The material below is to be copied exactly from the line with "어떤 행렬이든 항등행렬을 곱하면 자기 자신이 유지된다." up to and including the line with "3 részből álló", with nothing else kept and no pictures.

:: Entries shown

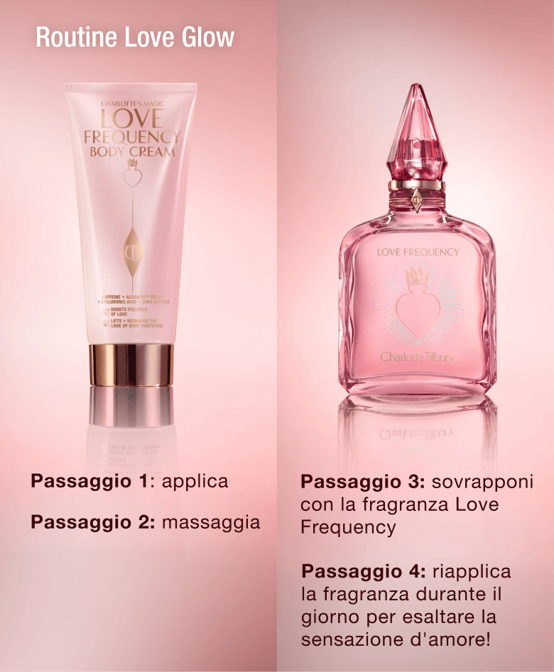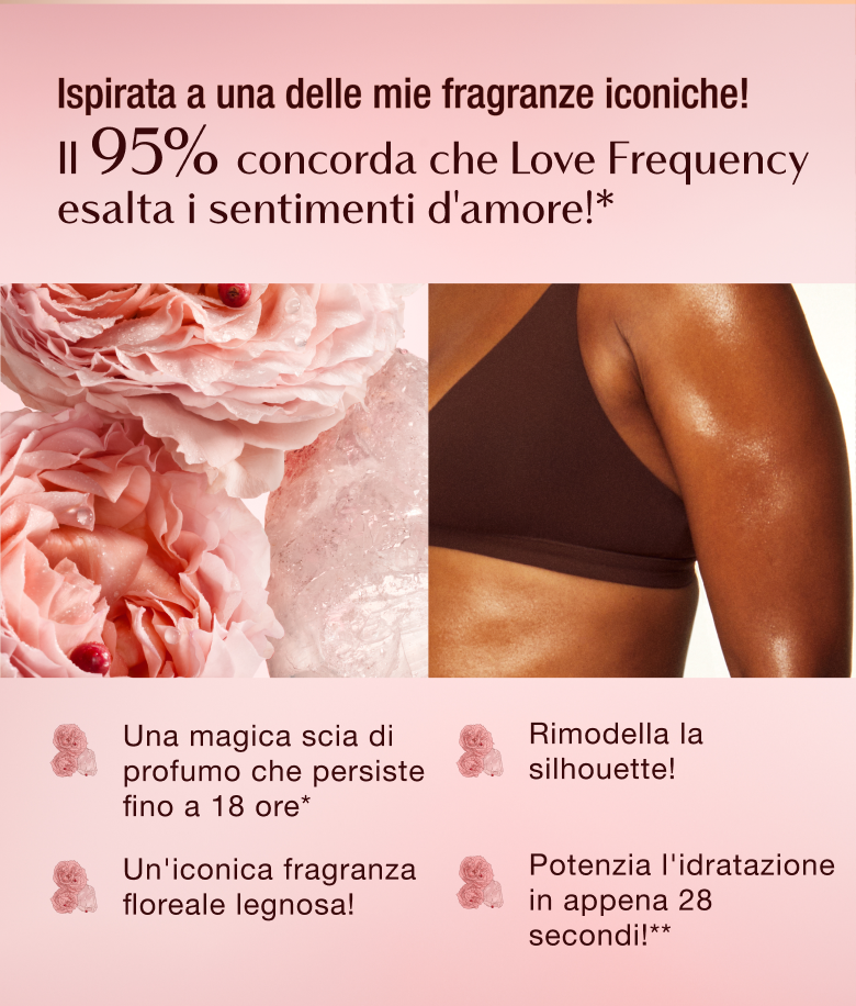 Combinando gli effetti idratanti e leviganti della mia originale, premiata Magic Body Cream e l'iconica fragranza floreale legnosa del mio profumo Love Frequency, la NUOVA Magic Love Frequency Body Cream è una crema corpo che ravviva immediatamente la pelle ed esalta i sentimenti d'amore ogni volta che la indossi! |
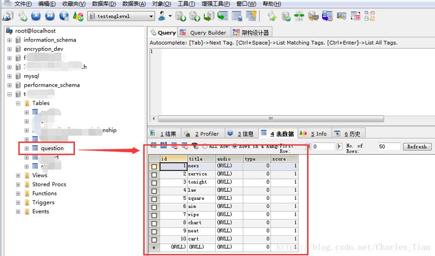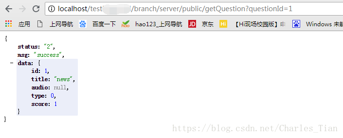 localhost/解压后的文件夹名称/server/public/getQuestion?questionId=1就可以获取到后台返回的数据了。这时会发现,返回的数据跟我们之前在表中填充的数据是一模一样的,那就意味着你写接口是成功的。
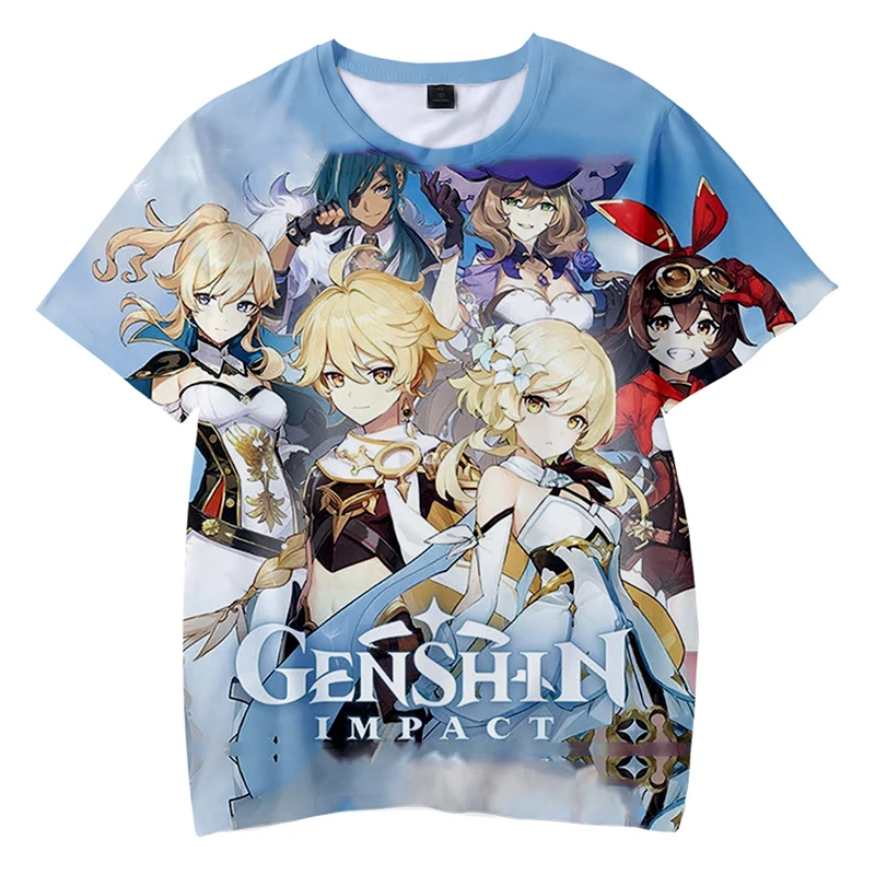 Новая футболка с аниме-играми, уличная одежда с 3D принтом Genshin ...
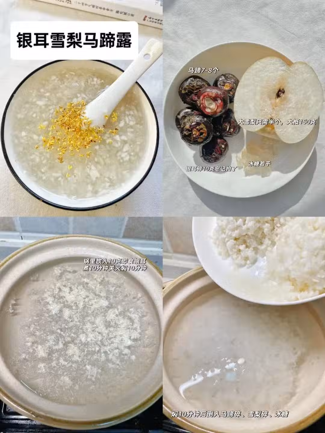 鍋中加水,放入即食銀耳,煮10分鐘,關火燜10分鐘,再放入雪梨、馬蹄和冰糖,邊倒邊攪拌,煮幾分鐘煮透即可食用。
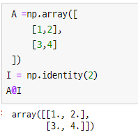 어떤 행렬이든 항등행렬을 곱하면 자기 자신이 유지된다.
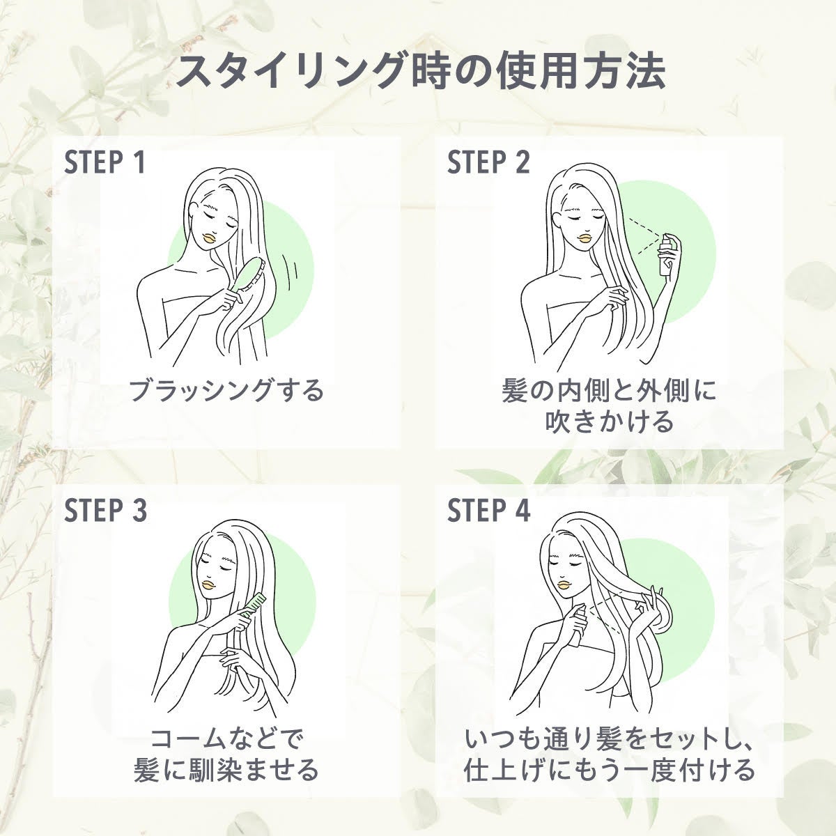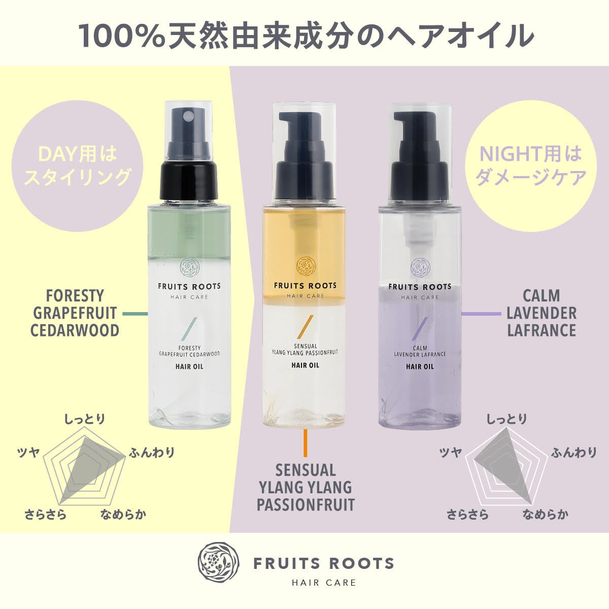 スプレータイプのFORESTYは油層2:水層8の配合で、軽めのテクスチャです。お風呂上がりの髪の保湿ケアのみならず、お出かけ前のスタイリングにも使っていただけます。SENSUALとCALMは油層4:水層6の配合で、少し重めのテクスチャです。ツバキ油やヒマワリ種子油などの良質な植物由来の成分とアミノ酸成分が、毛先のダメージを補修し、自然なツヤも与えます。
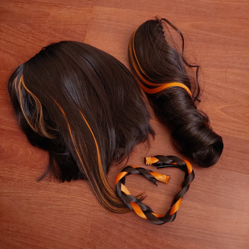 3 részből álló paróka: alap, copf, és a copf köré szánt fonat. A karakternek megfelelő színekkel és alakkal, így minimális formázást igényel. Jó minőségű, puha paróka, sokáig hű társad lehet:)
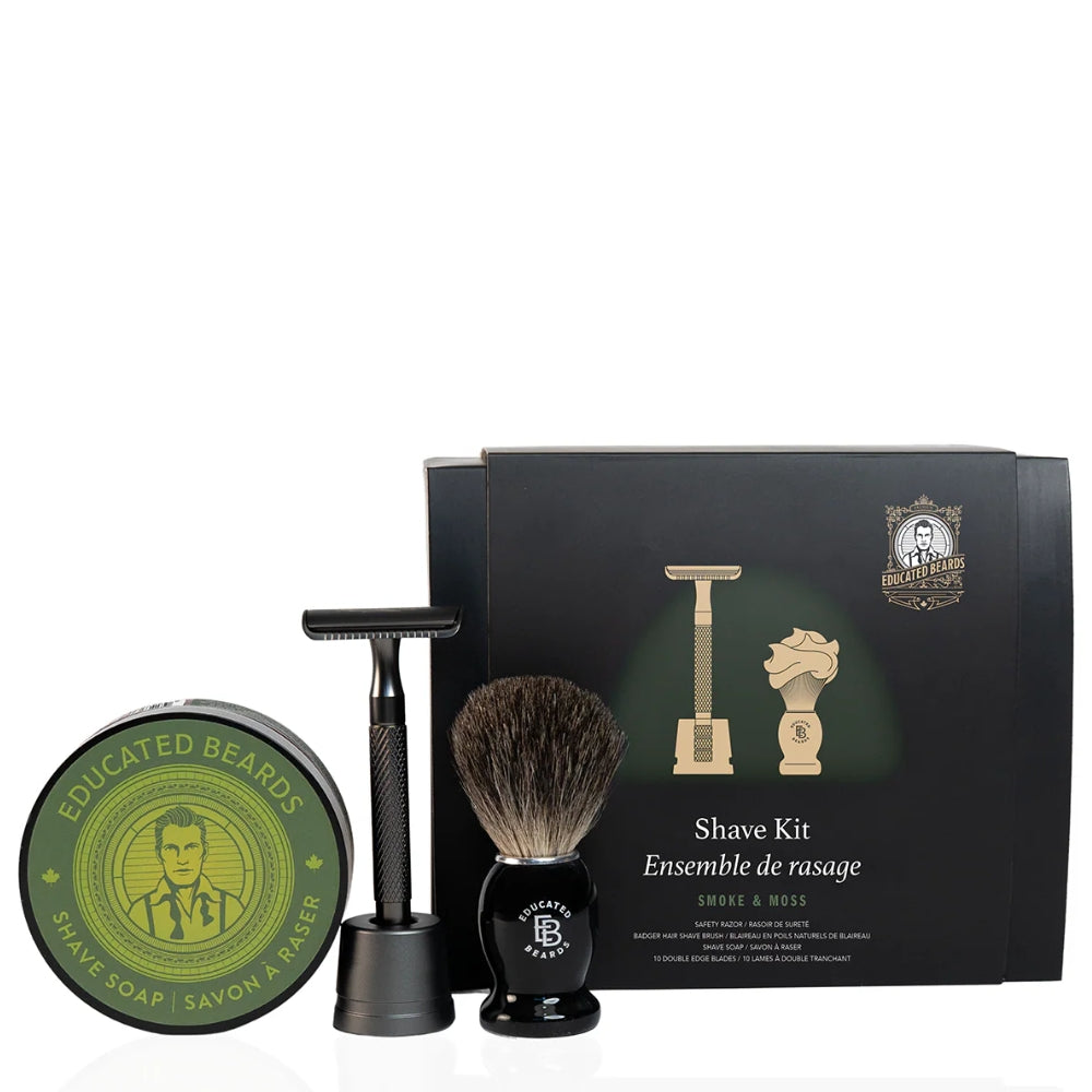 L'ensemble de rasage Smoke & Moss Shave Kit de Educated Beards a été pensé pour les hommes qui recherchent l’excellence dans leur routine de soins. Il transforme le rasage quotidien en un rituel sophistiqué, précis et agréable. Ce coffret de 5 pièces offre une solution complète pour un rasage de qualité supérieure, tout en respectant la peau et l’environnement.
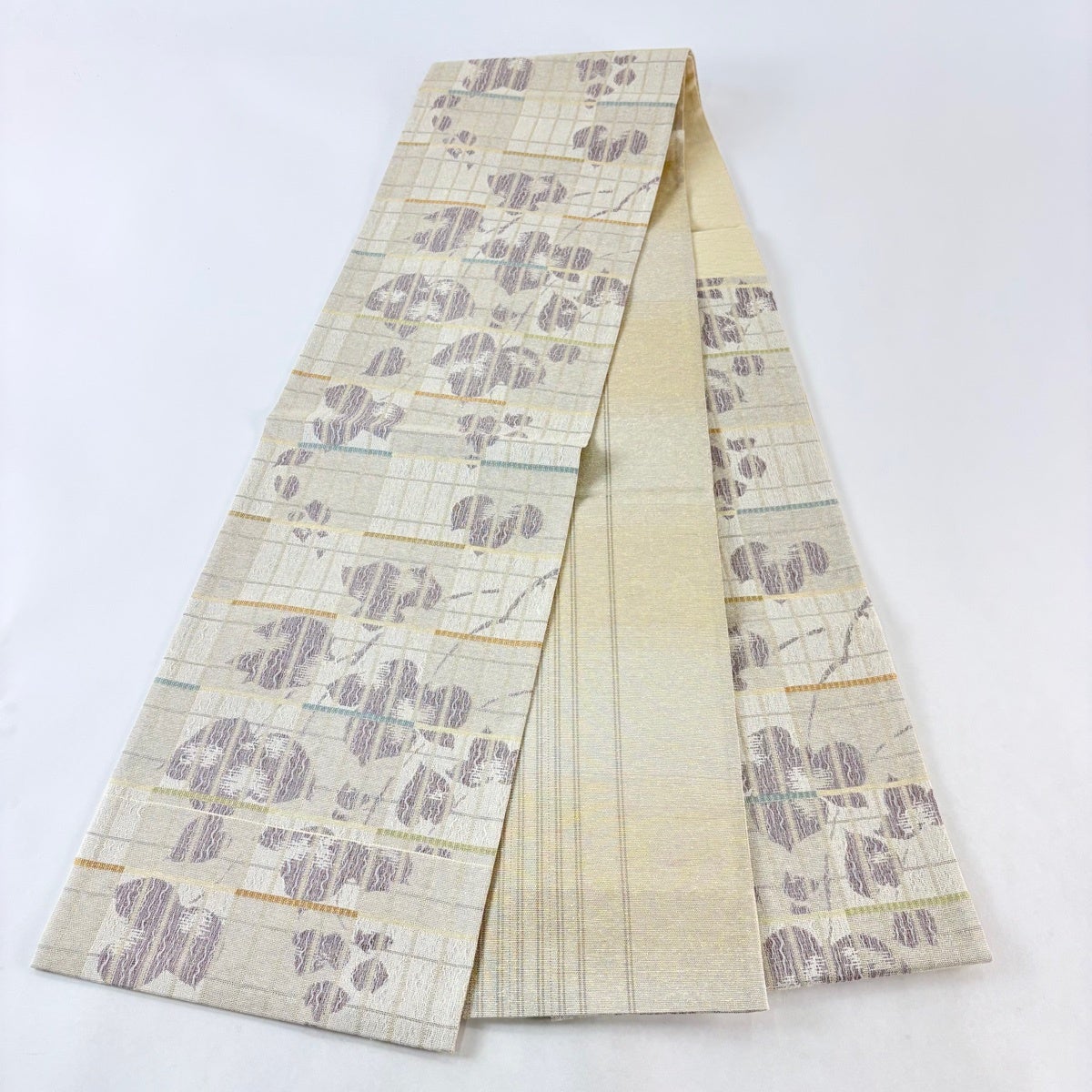 【美品】 袋帯 秀品 やまと 葉 格子 金糸 ベージュ 六通 正絹

::::

**Task answer**
 어떤 행렬이든 항등행렬을 곱하면 자기 자신이 유지된다.
 スプレータイプのFORESTYは油層2:水層8の配合で、軽めのテクスチャです。お風呂上がりの髪の保湿ケアのみならず、お出かけ前のスタイリングにも使っていただけます。SENSUALとCALMは油層4:水層6の配合で、少し重めのテクスチャです。ツバキ油やヒマワリ種子油などの良質な植物由来の成分とアミノ酸成分が、毛先のダメージを補修し、自然なツヤも与えます。
 3 részből álló paróka: alap, copf, és a copf köré szánt fonat. A karakternek megfelelő színekkel és alakkal, így minimális formázást igényel. Jó minőségű, puha paróka, sokáig hű társad lehet:)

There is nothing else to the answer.